Data dari Kementerian Pendidikan pun dibeberkan untuk menggambarkan besarnya kontribusi guru. Hingga 2022, tercatat ada 704.503 guru honorer, ditambah 141.724 Guru Tidak Tetap (GTT) kabupaten/kota serta 13.328 GTT provinsi. Pemerintah sendiri telah berupaya mengurangi kesenjangan dengan mengangkat 774.999 guru menjadi Aparatur Sipil Negara (ASN) Pegawai Pemerintah dengan Perjanjian Kerja (PPPK) hingga awal 2024, dengan target satu juta guru.
Meski rasio murid dan guru nasional terlihat baik di angka 16:1, Wijaya menekankan bahwa persoalan utama adalah distribusi guru yang tidak merata, khususnya di wilayah Terdepan, Terluar, dan Tertinggal (3T). “Hingga kini, banyak guru yang harus mengajar lintas mata pelajaran karena keterbatasan tenaga pendidik di pelosok,” ujarnya.
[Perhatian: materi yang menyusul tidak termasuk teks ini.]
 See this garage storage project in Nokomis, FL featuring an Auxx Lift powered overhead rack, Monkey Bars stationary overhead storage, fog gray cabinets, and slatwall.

Pengabdian guru di lapangan, menurut Wijaya, justru menunjukkan fakta yang berkebalikan dengan stigma “beban negara”. Diceritakannya, di Sigi, Sulawesi Tengah, guru SMPN 16 harus mendaki bukit dan mendatangi rumah siswa hingga tiga kali seminggu akibat ketiadaan internet dan listrik untuk pembelajaran.
Kisah perjuangan serupa datang dari Musi Rawas Utara, Sumatera Selatan, dimana seorang guru honorer, Rudi Hartono, setiap hari menyeberangi sungai dengan rakit bambu dan bahkan menggendong muridnya saat arus deras untuk memastikan anak didiknya bisa bersekolah. Sementara di Lebak, Banten, Jubaedah telah 30 tahun berjalan kaki menembus hutan, meski pernah terperosok jurang, demi mencerdaskan anak-anak di desanya.
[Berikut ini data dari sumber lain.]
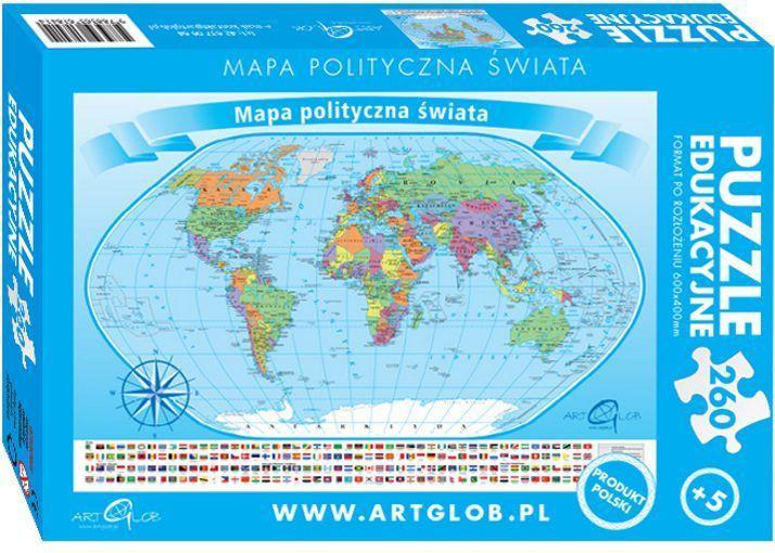 Puzzle edukacyjne. 260 elementów. Mapa polityczna świata (polsky)

Di sisi kebijakan, pemerintah sebenarnya telah menetapkan tunjangan khusus setara satu kali gaji pokok bagi guru di daerah sangat tertinggal. Namun, realisasinya di lapangan masih terkendala masalah distribusi anggaran dan ketepatan sasaran.
Oleh karena itu, PGRI mendesak pemerintah untuk mengalihkan energi pada hal yang lebih substantif. “Kalau mau disebut beban negara, yang patut disebut sebagai beban negara adalah mereka yang memakan dan menghabiskan uang negara tanpa tanggung jawab, seperti para koruptor,” seru Wijaya. Guru justru mengabdi tanpa bayaran layak untuk mendidik lebih dari 62 juta murid.
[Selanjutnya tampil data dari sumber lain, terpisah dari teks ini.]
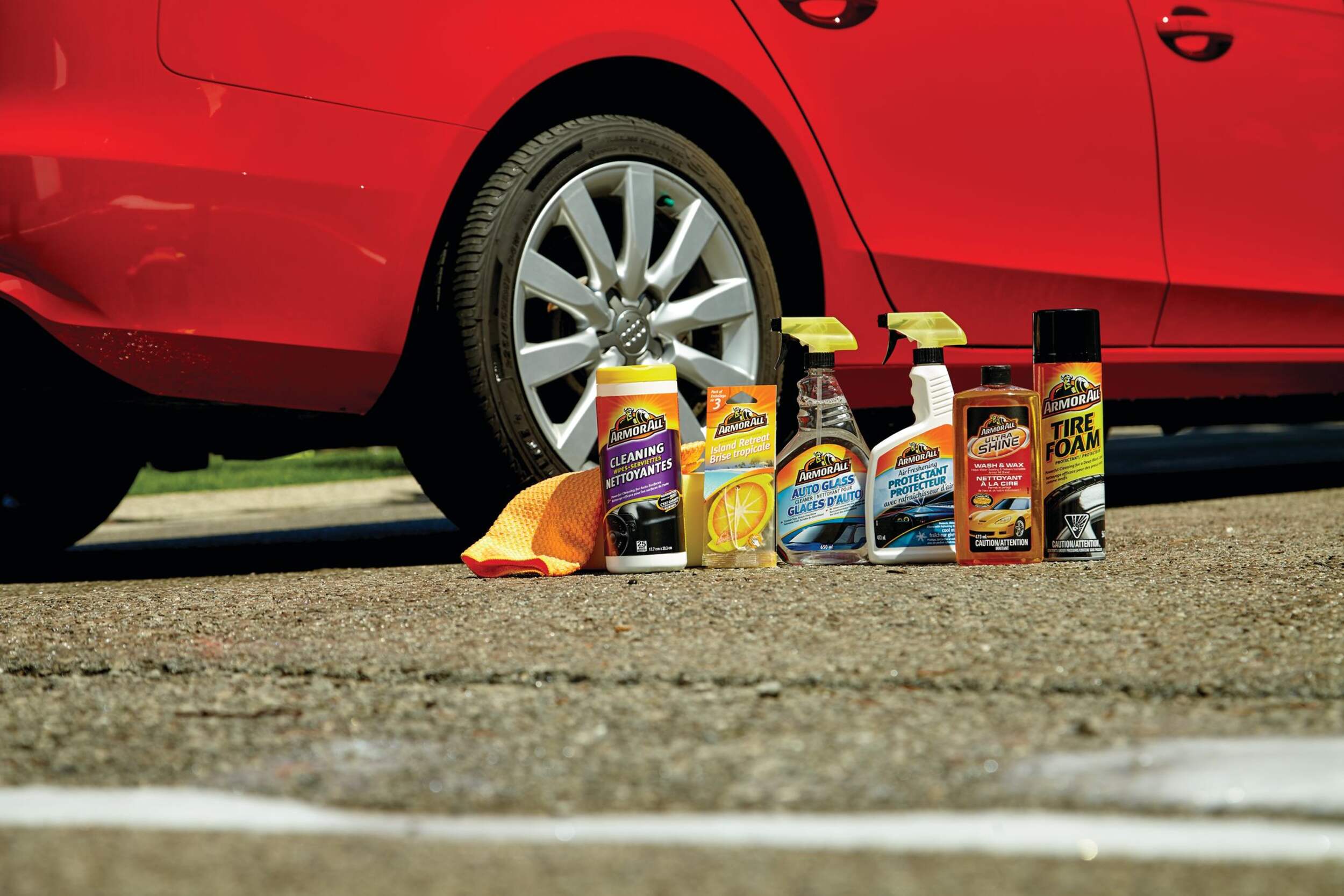 Includes: Wash & Wax (473 ml), Multi-Purpose Cleaner - orange scent, Extreme Tire Shine (650 ml), Protectant Pump (300 ml), Cleaner Liquid Wax, Auto Glass Cleaner (650 ml), and 3 packs of air fresheners

Wijaya menegaskan bahwa profesi guru adalah panggilan pengabdian yang menopang masa depan bangsa. Karena itu, dukungan penuh dari negara menjadi keharusan, bukan pilihan apalagi merendahkan dan menyakiti para guru.
Polemik ini menyoroti ketimpangan antara pernyataan elite politik dengan realita di lapangan, sekaligus mengingatkan kembali betapa vitalnya peran guru dan betapa kompleksnya tantangan yang mereka hadapi, dari soal kesejahteraan hingga pemerataan. Dukungan nyata, bukan stigmatisasi, merupakan jalan utama untuk memajukan dunia pendidikan Indonesia.